I sincerely don't mean to be troublesome or obtuse. I understand that all of this happening so long ago, there might not be answers; and that how we view past events is often almost hopelessly influenced by what we believe now. Thank you for your time.


----------



## MW (Jul 8, 2008)

First entrance into the covenant certainly requires profession of faith. This is granted by all. (Although there is a question whether personal appropriation is required or simply an acceptance of "the faith.") But note how the Larger Catechism differentiates between this first entrance and subsequent acknowledgement that one is in covenant with God -- it speaks of infants *descending* from parents professing faith in Christ. It does not require a "believing pedigree," but simply that the infant be "born in the church," to use the language of the Directory.


----------



## Scott1 (Jul 8, 2008)

> This touches on an intramural debate in Presbyterianism. The traditional view is that the infants of members of the visible church are to be baptised whether the parents make a personal profession of faith or not. This is well argued by Samuel Rutherford in his Peaceable and Temperate Plea. The Confession undoubtedly adopts this position because it specifically speaks of "members of the visible church."



Do I understand correctly the "intramural debate" is about whether a parent of an infant child is merely attending church versus having been examined for membership, taken a vow as a profession of faith, etc. (something like a "regular attenders" v "church member" status in some denominations)?


----------



## MW (Jul 8, 2008)

Scott1 said:


> Do I understand correctly the "intramural debate" is about whether a parent of an infant child is merely attending church versus having been examined for membership, taken a vow as a profession of faith, etc. (something like a "regular attenders" v "church member" status in some denominations)?



It affects this question -- members and adherents or members only; but it is broader than that. The issue fundamentally pertains to the constitution of the visible church.


----------



## Semper Fidelis (Jul 8, 2008)

This is a fascinating discussion. It seems that the issue boils down to whether or not a Church should have some sort of examination of the parents to see if they're fit for their kids to be baptized or not.

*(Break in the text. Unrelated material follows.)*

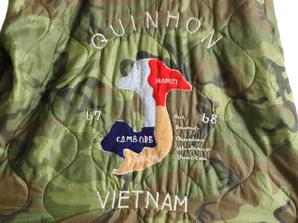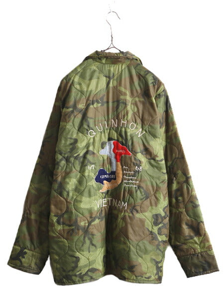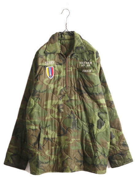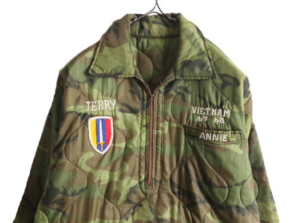 60s ★ ベトナム キルティング スーベニア ジャケット メンズ XL / 60年代 ベトジャン カモ 中綿 ナイロン プルオーバー ハーフジップ 刺繍

There's sort of an unspoken problem that I want to highlight here. I think Heidi is highlighting the portion about the fact that the parent(s) of a child presented for baptism have to be believing and obedient.

I started thinking about the scenarios here and I came to the conclusion that we really need to consider Presbyterian Ecclesiology as a whole here. 

It should go without saying that the Westminster Standards require more than a passing interest on the part of the Elders about the catechesis and discipline of the members of a Church.

So the question arises: Is it possible for a marginal Presbyterian to just walk into Church one day and ask for their kids to be baptized? Wouldn't a couple (or individual parent) already have been under the discipline of the Church if they were not attending worship?

It seems, at least to me, that part of the obedience that a Christian parent would pay would be faithful Church membership. People are not disciplined by the Church for their need to grow in faith and I don't think a theological examination or test for dedication is really in order if a person is earnest to bring their children before the Church and promises to commit them to the Church's discipleship.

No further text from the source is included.